The Government also confirms that it will empower the FCA to make rules concerning a number of other issues raised in the Call for Evidence, including:

  • on operational arrangements for reporting net short positions to the FCA, including potentially moving the current 15:30 next trading day deadline and considering greater automation of reporting arrangements;
  • streamlining the process for applying for the market maker exemption, including considering whether the current 30-day prior notification requirement remains appropriate; and
  • considering changes to make identifying the shares that in scope of the regime easier, for example by the FCA maintaining a 'positive list' of in-scope shares.

The FCA will retain its intervention powers to suspend short selling in market emergencies, with the FCA expected to set out a paper consulting on its approach to using these powers (to date the FCA has not instituted any short selling bans) in due course.
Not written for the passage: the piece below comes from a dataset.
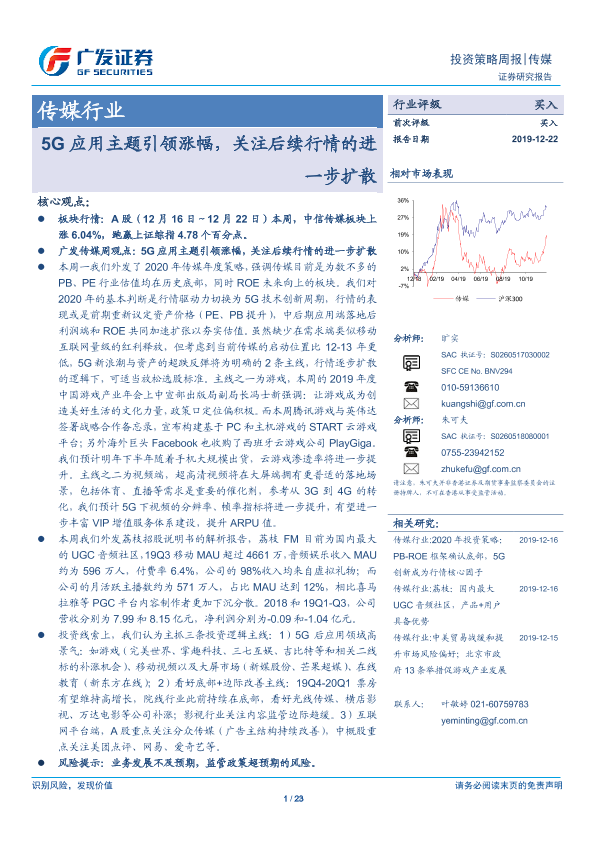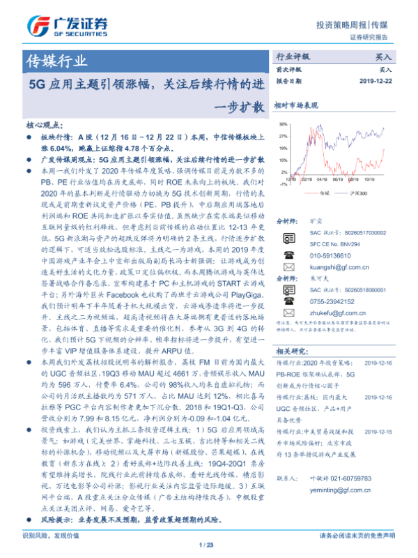 【广发证券】【20191222】20191222-广发证券-传媒行业投资策略周报:5G应用主题引领涨幅,关注后续行情的进一步扩散-23页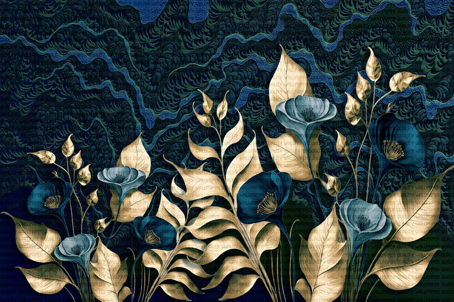 Bu büyüleyici tasarım, koyu renklerin derinliğini altın ışıltısıyla buluşturarak lüks ve zarafetin eşsiz bir dansını sunuyor. Her bir çiçek ve yaprak, altın dokunuşlarla zenginleştirilerek mekana sofistike ve göz alıcı bir hava katıyor. Bu sanat eseri, mekanlarına lüks ve zarafet katmak isteyenler için mükemmel bir seçimdir.

Industry participants are likely to welcome the steps taken and signaled to move towards a regime which continues to subject short selling to regulatory oversight, but in a more proportionate fashion. 

Consultation paper on sovereign debt and uncovered sovereign CDS

The sovereign debt/CDS consultation paper is short, as the Government's proposal is simple: to remove entirely the current requirements imposed on investors when taking out net short positions in UK sovereign debt or UK sovereign CDS, and the related reporting requirements. Again, however, the FCA would retain power to intervene in exceptional circumstances.

The consultation paper is clear that the UK Government never supported the inclusion of these restrictions in the EU Short Selling Regulation and points to the absence of similar regimes in comparable non-EU jurisdictions (e.g. the US and Singapore), work done by the IMF and ESMA which found that these restrictions have negative impacts on liquidity, and the rarity of the net short position reporting requirement actually being triggered in practice (given that the threshold currently requires a net short position of about £118.6bn).

Next steps

Market participants have four weeks to respond to the sovereign debt consultation paper (which closes on 7 August 2023), while HMT's Plan for Delivery indicates that a statutory instrument bringing changes to the UK SSR into law should be published in draft before the end of 2023 with adoption most likely taking place in 2024. An FCA consultation paper on resulting changes to the FCA's rules should also be anticipated within this timeframe.

Given the significant relaxations proposed, market participants may also wonder whether the EU will follow suit shortly as well to avoid a competitive disadvantage emerging...

The government sees short selling as an essential tool to facilitate effective market functioning. It supports liquidity, risk management and effective price discovery.